Asian Stocks Rise on AI Optimism and Strong China Reopening; Japan Nears Record Highs
Asian stocks climbed on Thursday, lifted mainly by strong gains in technology shares, as optimism over artificial intelligence (AI) demand drove buying in chipmaking and related sectors.
Mainland Chinese markets reopened on a strong note after a week-long Golden Week holiday, supported by reports of robust travel and consumer spending during the break. However, Hong Kong markets underperformed due to steep losses in health technology stocks, following reports that Microsoft plans to expand into the healthcare sector.
HSBC also weighed heavily on the Hang Seng Index after proposing to privatize its subsidiary Hang Seng Bank.
Across the region, Asian markets tracked a positive lead from Wall Street, where both the S&P 500 and NASDAQ Composite hit record highs amid a broad tech rally. The sector was boosted by upbeat comments from NVIDIA (NASDAQ: NVDA) on AI-driven demand and growing confidence ahead of the Q3 earnings season.

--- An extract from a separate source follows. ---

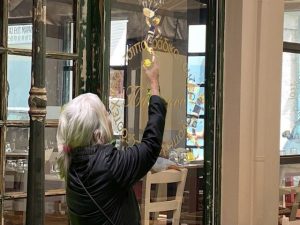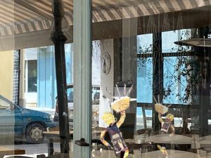 Ich habe heute zwei Bilder mit Spiegeleien zu „April April“ gepostet. Es sind unschuldige Tricksereien, die mit bescheidenen Kenntnissen von Fotoshop leicht herzustellen sind. Dass ich Dora samt ihren Doppelgängern ins Foto eingefügt habe, ist offenkundig. Wie aber ist es mit mir selbst, die per Rückenansicht im Foto zu sehen ist? Es war niemand dort, um mich zu fotografieren, und ein Selfie aus dieser Position könnte ich nicht schießen.
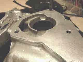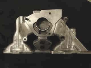 Here's something I dont hear much about. Besides gasket matching the ports I smoothed the transition from the TBI to the runners by carving a concave path. This way the 2" port eases to the 90 degree change of direction. I think this will allow more air than if the charge were to have to go another 1/4" and make an abrupt change.

Minutes from the Federal Reserve’s September meeting showed a dovish tone, raising hopes for more interest rate cuts this year. Traders now await a speech from Fed Chair Jerome Powell for further policy cues.
Meanwhile, sentiment was also supported by reports of a U.S.-brokered ceasefire between Israel and Hamas, which reduced geopolitical tensions.
Japan Stocks Near Record Highs on Tech Strength
Japanese equities extended gains, with the Nikkei 225 up 1.5% and the TOPIX rising 0.4%, both nearing record closing levels.
Tech shares led the rally, as SoftBank Group (TYO:9984) soared over 11% to a record high after announcing a $5.4 billion deal to acquire the robotics arm of ABB Ltd (SIX:ABBN).
Other industrial firms — including Yaskawa Electric (TYO:6506), Ebara Corp. (TYO:6361), and Fuji Electric (TYO:6504) — advanced strongly on optimism over new fiscal stimulus under Prime Minister Sanae Takaichi.
Investor sentiment was further supported by expectations that the Bank of Japan will delay future interest rate hikes, although a stabilization in the yen capped some exporter gains.
China Reopens Strong; Hong Kong Trails on Healthtech Losses
China’s Shanghai Composite and CSI 300 indices rose 1.3% and 1.6%, respectively, as trading resumed. Tech and industrial stocks, particularly chipmakers, rallied in catch-up moves following global gains during China’s market closure.
State media reported that consumer spending remained strong during the Golden Week holiday, with travel up 6.2% year-on-year and retail sales climbing 3.3% in the first four days. The data lifted optimism about a gradual recovery in domestic consumption, despite ongoing deflationary pressures.
In contrast, Hong Kong’s Hang Seng Index fluctuated, rebounding 0.3% after falling 1% earlier in the session. Healthtech stocks dragged the index lower after a Wall Street Journal report said Microsoft (NASDAQ: MSFT) was planning to enter the AI-powered healthcare sector.
Alibaba Health (HK:0241) and JD Health (HK:6618) dropped 3.6% and 4.7%, while Sino Biopharmaceutical (HK:1177) and Hansoh Pharmaceutical (HK:3692) plunged 8.1% and 6.8%, respectively.
HSBC (HK:0005) tumbled more than 6% after proposing a HK$106 billion ($13.6 billion) deal to privatize Hang Seng Bank (HK:0011), which surged 40%, becoming Hong Kong’s top performer of the day.
Regional Markets Mixed but Tech Leads
Elsewhere in Asia, tech strength continued to lift regional benchmarks. Taiwan’s Weighted Index hit a new record high, while Australia’s ASX 200 added 0.3%. India’s Nifty 50 gained 0.2%, holding above 25,000 points, whereas Singapore’s Straits Times Index slipped 0.3%.
South Korean markets were closed for a public holiday.